3 √5 multiply 2 √10
To multiply √5 and √10, we can multiply the numbers outside the radical and the numbers inside the radical separately.
√5 * √10 = √(5 * 10)
√(5 * 10) = √50
Now, we need to simplify the square root of 50.
We can break down 50 into its factors: 50 = 25 * 2.
So, √50 = √(25 * 2) = √25 * √2
√(25 * 2) = 5 * √2
Therefore, 3√5 * 2√10 = 6√10 * √5
Multiplying the numbers outside the radicals, we get:
6 * 5 = 30
So, the final answer is 30√10.
To multiply 3√5 with 2√10, you can follow these steps:
Step 1: Multiply the numbers outside the square root signs. In this case, multiply 3 and 2: 3 × 2 = 6.

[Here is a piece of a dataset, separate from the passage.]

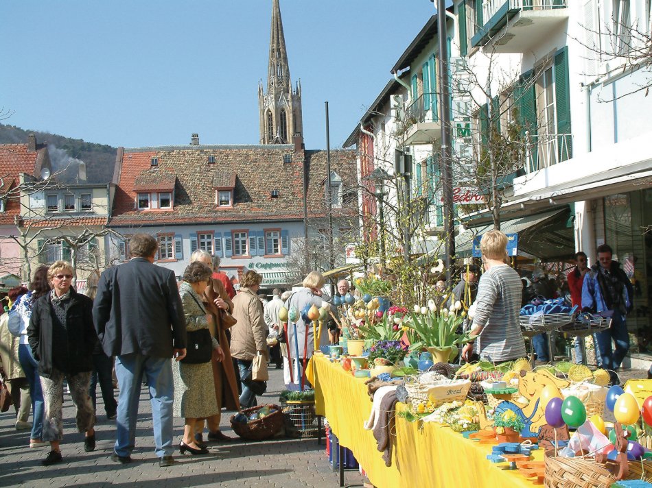 Durch die gesamte, österlich dekorierte Innenstadt zieht sich der Osterglockenmarkt mit seinen 80 auswärtigen Händlern. Wer Keramik, Schmuck, Korbwaren oder Sandsteinarbeiten sucht, wird hier ebenso fündig wie der, der den verkaufsoffenen Sonntag zum Shoppen nutzen möchte. Für das leibliche Wohl sorgen neben den ansässigen Gastronomen wieder Beschicker aus verschiedenen kulinarischen Regionen. Wie es sich für Bad Dürkheim gehört, werden natürlich auch die besten einheimischen Weine und Sekte angeboten.

Step 2: Multiply the numbers inside the square root sign. Multiply √5 and √10: √5 × √10 = √50.
Step 3: Simplify the square root of the product obtained. The square root of 50 can be further simplified as the square root of the largest perfect square factor. In this case, the largest perfect square factor of 50 is 25. So, √50 = √(25 × 2) = √25 × √2 = 5√2.
Therefore, the result is 6 * 5√2, which can be simplified to 30√2.
To multiply the expressions 3√5 and 2√10, you can follow these steps:
Step 1: Multiply the coefficients (the numbers outside the square roots).
3 * 2 = 6
Step 2: Multiply the numbers inside the square roots.
√5 * √10 = √(5 * 10) = √50
Step 3: Simplify the square root if possible.
√50 = √(25 * 2) = √25 * √2 = 5√2
Therefore, the product of 3√5 and 2√10 is 6 * 5√2 = 30√2.